Tuesday, July 10, 2007

Lowering The Boom

Bloomberg goes four for four today. Number one (07.10.07):
"Moody's Investors Service lowered the credit ratings on $5.2 billion of bonds [ed. - 214 of 'em, from investment grade to junk] backed by subprime mortgages and Standard & Poor's said it may cut $12 billion of securities after criticism they waited too long to respond to rising home-loan defaults."

Moody's Lowers Ratings on Subprime Bonds, S&P May Cut

"Ratings changes 'are going to force a lot more people to come to Jesus,' said Christopher Whalen, an analyst at Institutional Risk Analytics in Hawthorne, California. 'When a ratings agency puts a whole class on watch, it will force all the credit officers to get off their butts and reevaluate everything. This could be one of the triggers we've been waiting for.'"

"The actions would be the biggest ever in the subprime market, the companies said. Insurers and pension funds may be among investors required to sell their bonds if they are downgraded, potentially driving down prices of $800 billion in subprime mortgages and $1 trillion of collateralized debt obligations, which package mortgage bonds into new securities."
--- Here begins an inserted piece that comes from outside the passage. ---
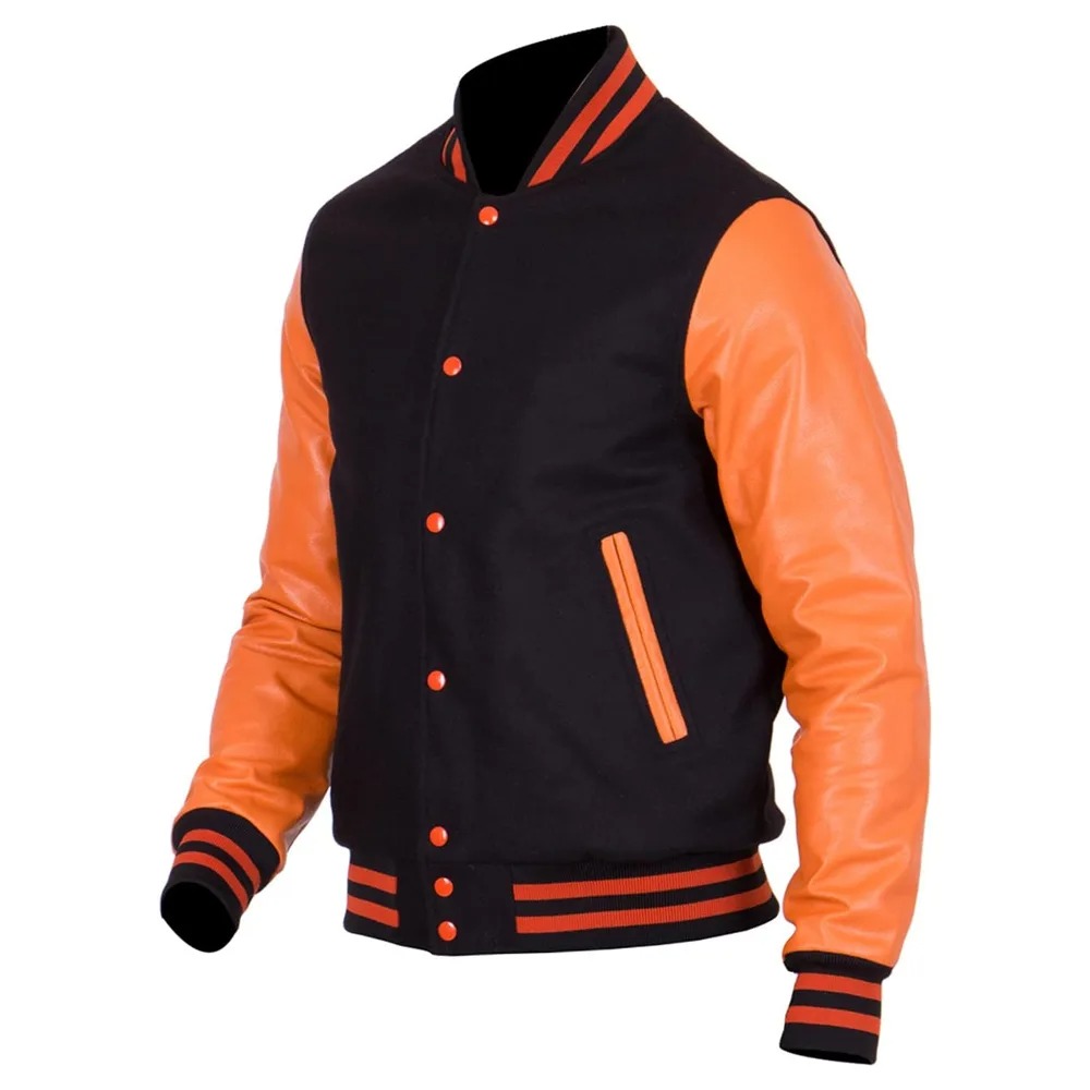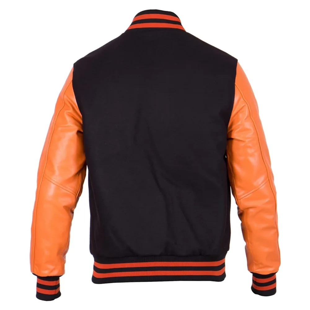 - Mens Orange Black Varsity Letterman Jacket

And that ain't all. "S&P said it is also reviewing the 'global universe' of CDOs that contain subprime mortgages. Investors in CDOs alone stand to lose as much as $250 billion, according to Institutional Risk Analytics, which writes computer programs for auditors."

Number two (07.10.07):

"Sears Holdings Corp., the biggest U.S. department-store company, said second-quarter profit may decline by as much as 46 percent after sales fell, sending the stock to its biggest drop in more than four years."

Sears, Home Depot Say Profit Will Fall as U.S. Housing Slump Reduces Sales

Number three (07.10.07):
"D.R. Horton Inc., the second-largest U.S. homebuilder, will report a third-quarter loss after orders plunged 40 percent, and said it sees no sign of a housing rebound."

D.R. Horton to Report Net Loss After Orders Plunge

And number four (07.10.07):

"Homebuilder Ryland Group Inc. said it will report a second-quarter loss after sales plunged because of 'continued deterioration' in the housing market."